Melissa Suzanne McBride (born May 23, 1965) is an American actress. She made her acting debut in 1993, and went onto appear in Walker, Texas Ranger (1997) and Dawson's Creek (1998). In 2007, she also starred in the film The Mist (2007). Her breakout role was Carol Peletier on the AMC series The Walking Dead (2010–2022), and later the series' spinoff The Walking Dead: Daryl Dixon (2023–present). She has garnered critical acclaim and received multiple awards and nominations for her role on the show. Originally cast in a minor role, McBride's role expanded over time to a main cast member and, from 2020, she was the second billed cast member in the opening credits of the show, and one of only two cast members to appear in every season (the other being Norman Reedus).

== Early life ==
McBride was born in Lexington, Kentucky, to parents John Leslie McBride and Suzanne Lillian (née Sagley). Her father owned his own business, and her mother studied at the historic Pasadena Playhouse. She had three siblings: John Michael, Neil Allen, and Melanie Suzanne.

== Career ==
McBride began her acting career in 1991, appearing in several television commercials for clients such as Rooms To Go; she was also a spokeswoman for Ford. She made her series television debut in a 1993 episode of ABC legal drama series Matlock, and later guest-starred in several other television drama series, including In the Heat of the Night; American Gothic; Profiler; Walker, Texas Ranger; and Dawson's Creek. In the last, she played Nina – a film buff who charms Dawson after his breakup with Jen – in the Season 1 episode "Road Trip" (1998) – and in 2003 returned to the series finale playing a different character.
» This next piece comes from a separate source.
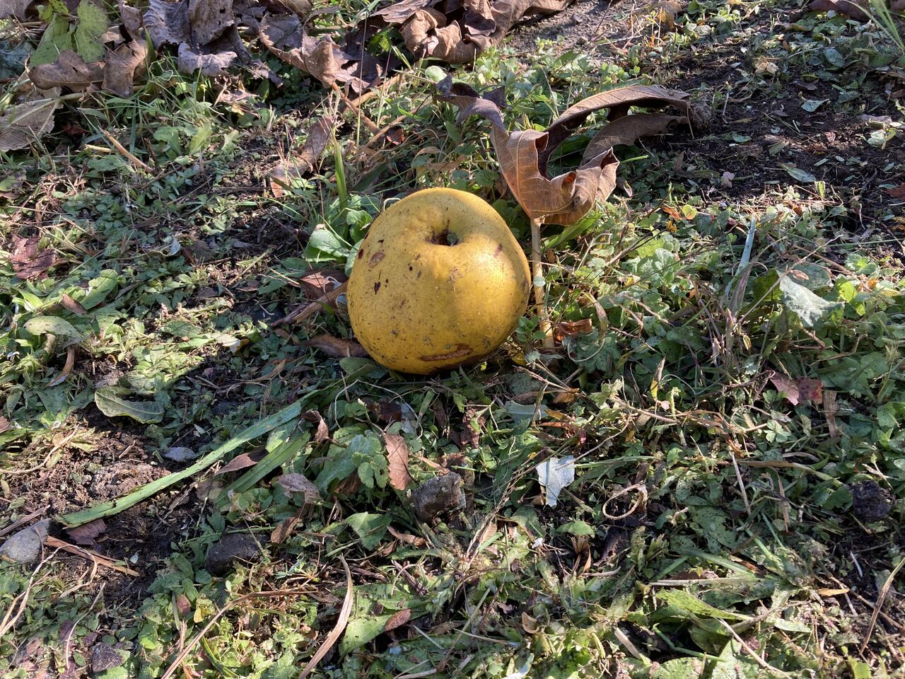 刈り込んだ雑草を熊手で集めていたら、何んとマルメロの実が枯葉の中から出て来た。「今年は9個採れた採れた!」と大喜びしていたのだが、結論は10個採れたことになった。たいして大きな木ではないのに重い実がよくぞ10個もなったものだと改めて感心してしまった。

In the 1990s, McBride had supporting roles in several made-for-television movies, such as Her Deadly Rival (1995) opposite Annie Potts and Harry Hamlin, Close to Danger (1997) with Rob Estes, Any Place But Home (1997), and Pirates of Silicon Valley (1999). In 1996, she appeared on the CBS miniseries A Season in Purgatory, based on Dominick Dunne's eponymous 1993 novel. From 2000 to 2010, she worked as a film and commercial casting director in Atlanta, Georgia and starred in several short films. In 2007, director Frank Darabont cast McBride as the "woman with the kids at home" in the ensemble-cast science-fiction horror film The Mist, alongside Thomas Jane, Laurie Holden, and Marcia Gay Harden. McBride was in contention for a bigger role in the film but did not want to take a significant amount of time away from her job as a casting director. The following year, she appeared in the Lifetime television movie Living Proof.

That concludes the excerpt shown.